|
| |
|
|
dasher
Posts: 27 Joined: 9/17/2005 From: Australia Status: offline
|
Robot errors - 5/1/2006 0:25:41
Not seen this before. My site error log shows hundreds of lines similar to this repeated every 2 hours over my entire site of 300+ pages: 1146 in two days. [Sun Apr 30 04:40:45 2006] [error] [client 209.249.86.4] File does not exist: /home/ranvetau/public_html/404.shtml [Sun Apr 30 04:40:45 2006] [error] [client 209.249.86.4] File does not exist: /home/ranvetau/public_html/equine_ulcers.htm/frequent_questions.htm The ip 209.249.86.4 is www.above.net Any ideas on what is going on?
|
|
|
|
Kitka
Posts: 2513 Joined: 1/31/2002 From: Australia Status: offline
|
RE: Robot errors - 5/1/2006 2:24:20
Looking at your actual access logs (not error log), what User Agent were they reporting? For instance, Googlebot reports itself like this: 66.249.66.71 - - [31/Apr/2006:18:00:54 +1000] "GET /contact.htm HTTP/1.1" 200 7254 "-" "GoogleBot/2.1" and a visitor using Firefox might look something like this: 99.999.99.9 - - [31/Apr/2006:19:47:54 +1000] "GET /contact.htm HTTP/1.1" 200 5993 "http://www.example.com/" "Mozilla/5.0 (Windows; U; Windows NT 5.1; en-GB; rv:1.7.12) Gecko/20050919 Firefox/1.0.7" The examples in bold, are the User Agents. If they are really nasty, the place where the UA should be, will show as empty, like this: "-" and so you might see the log entry looking a bit like this: 99.999.99.9 - - [31/Apr/2006:19:47:54 +1000] "GET /contact.htm HTTP/1.1" 200 5993 "-" "-" If they haven't stopped, or they come back to do the same thing, it is possible to block them using an .htaccess file - if you are hosted on Unix/Apache that is. I'm not sure how to do it on Windows servers.

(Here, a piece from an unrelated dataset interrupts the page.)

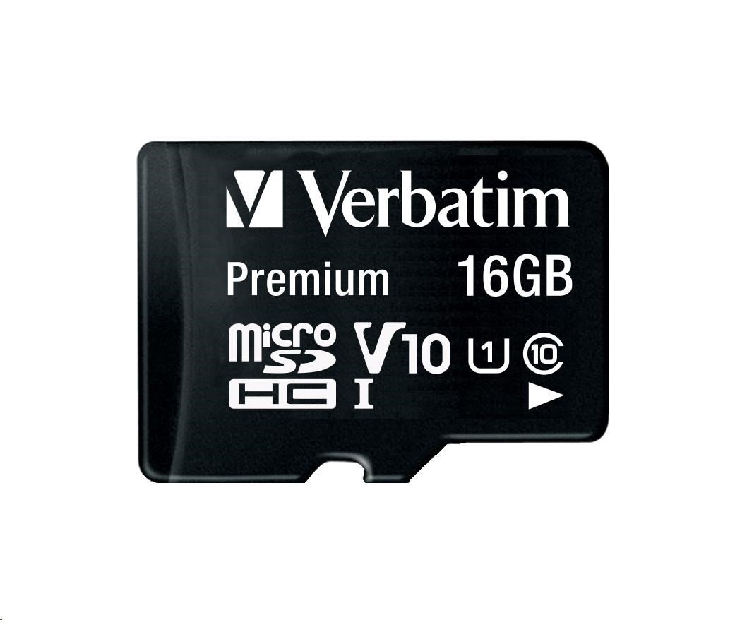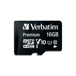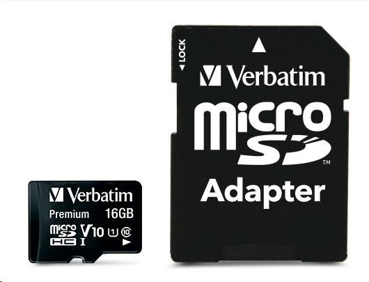 VERBATIM MicroSDHC karta 16GB Premium, U1 + SD adaptérTyp karty:Micro SDHC; Kapacita uložiště:16 GB.
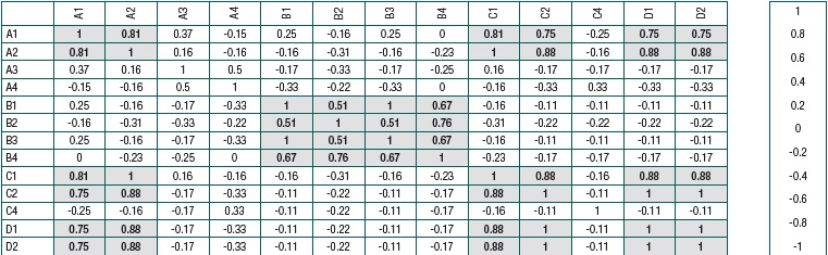 Antes de verificar a consistência interna do instrumento, verificou-se se os aspectos estavam mensurando a mesma variável. Percebeu-se altas correlações entre os itens A1, A2, C1, C2, D1, D2, enquanto que os itens do Bloco B se apresentaram correlacionados consigo mesmos. Os itens C3, D3, D4 não estão presentes por apresentaram desvio-padrão igual a zero (Figura 1). Com isso, afirma-se que os aspectos Aparência Geral e Facilidade de entendimento, para os Blocos A, C e D, medindo a mesma variável, foram considerados como um único aspecto. Como o Bloco B tratou de sinais de perigo, tendo aspectos distintos dos outros três blocos, há probabilidade de afirmar que os itens desse bloco estejam medindo uma mesma variável sobre a qualidade dos itens de sinais de perigo.

_____________________________
Kitka **It is impossible to make anything foolproof because fools are so ingenious.**
|
|
|
|
dasher
Posts: 27 Joined: 9/17/2005 From: Australia Status: offline
|
RE: Robot errors - 5/1/2006 3:28:33
Here is the access log of one hit 209.249.86.4 - - [30/Apr/2006:15:11:30 +1000] "GET /robots.txt HTTP/1.0" 200 168 "-" "-" 209.249.86.4 - - [30/Apr/2006:15:11:50 +1000] "GET /needs_for_stress.htm/tying_up.htm HTTP/1.0" 404 - "-" "-" 209.249.86.4 - - [30/Apr/2006:15:12:01 +1000] "GET /needs_for_stress.htm/shinsoreness.htm HTTP/1.0" 404 - "-" "-" 209.249.86.4 - - [30/Apr/2006:15:12:11 +1000] "GET /needs_for_stress.htm/frequent_questions.htm HTTP/1.0" 404 - "-" "-" I guess from what you say this is a nasty? What is nasty? Should I block this site and why? Rather than screw around with my .htaccess file I can via cpanel deny the site or do you have the write for the htaccess file. Which is better?
|
|
|
|
Kitka
Posts: 2513 Joined: 1/31/2002 From: Australia Status: offline
|
RE: Robot errors - 5/1/2006 4:07:14
quote:
What is nasty? Should I block this site and why? In your shoes, I would block it. A good analogy I read somewhere goes like this: I knock on your front door and ask to come in. You reply, saying "Who are you?" and I say, "I'm not telling you." Would you let me inside your house? I wouldn't. This is very similar. The User Agent string says who/what you are and only those who have something to hide will not say. quote:
Rather than screw around with my .htaccess file I can via cpanel deny the site or do you have the write for the htaccess file. Which is better? As you have cPanel, it's probably easiest and best to employ that. But don't just block 209.249.86.4. It is likely that they may come from a slightly different IP in future, so block the shortened form: 209.249.86. That will catch all IPs between 209.249.86.0 and 209.249.86.255.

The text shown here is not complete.